Content starts
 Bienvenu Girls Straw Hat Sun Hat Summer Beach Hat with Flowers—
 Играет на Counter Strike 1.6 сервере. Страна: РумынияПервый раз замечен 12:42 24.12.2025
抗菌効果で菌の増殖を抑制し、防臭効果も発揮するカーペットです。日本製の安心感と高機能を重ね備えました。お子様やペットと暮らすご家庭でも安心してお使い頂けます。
Content ends
Content starts
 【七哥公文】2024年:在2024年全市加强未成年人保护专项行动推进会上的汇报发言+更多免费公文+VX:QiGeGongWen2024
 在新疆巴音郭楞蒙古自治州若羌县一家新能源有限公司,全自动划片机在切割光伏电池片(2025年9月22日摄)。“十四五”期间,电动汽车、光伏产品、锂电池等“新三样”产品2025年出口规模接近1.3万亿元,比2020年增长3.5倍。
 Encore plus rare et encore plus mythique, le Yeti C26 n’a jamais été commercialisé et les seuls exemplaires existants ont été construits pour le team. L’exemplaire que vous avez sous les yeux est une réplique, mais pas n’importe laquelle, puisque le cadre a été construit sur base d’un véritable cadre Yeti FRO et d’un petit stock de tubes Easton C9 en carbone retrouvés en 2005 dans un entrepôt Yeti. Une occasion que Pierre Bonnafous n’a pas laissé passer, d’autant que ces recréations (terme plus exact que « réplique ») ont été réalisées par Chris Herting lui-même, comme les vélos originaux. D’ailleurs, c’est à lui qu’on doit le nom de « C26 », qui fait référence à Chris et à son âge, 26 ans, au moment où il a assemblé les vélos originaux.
Content ends
Content starts
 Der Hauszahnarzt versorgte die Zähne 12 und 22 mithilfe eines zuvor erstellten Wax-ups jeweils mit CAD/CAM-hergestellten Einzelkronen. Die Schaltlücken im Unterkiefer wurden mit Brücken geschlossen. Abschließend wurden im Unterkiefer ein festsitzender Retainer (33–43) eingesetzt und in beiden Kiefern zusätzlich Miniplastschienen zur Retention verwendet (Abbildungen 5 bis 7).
Content ends
Beginning with the line above that contains "Bienvenu Girls Straw", copy each line exactly up to and including the line that contains "抗菌効果で菌の増殖を抑制し、", and go no further.

 Bienvenu Girls Straw Hat Sun Hat Summer Beach Hat with Flowers—
 Играет на Counter Strike 1.6 сервере. Страна: РумынияПервый раз замечен 12:42 24.12.2025
抗菌効果で菌の増殖を抑制し、防臭効果も発揮するカーペットです。日本製の安心感と高機能を重ね備えました。お子様やペットと暮らすご家庭でも安心してお使い頂けます。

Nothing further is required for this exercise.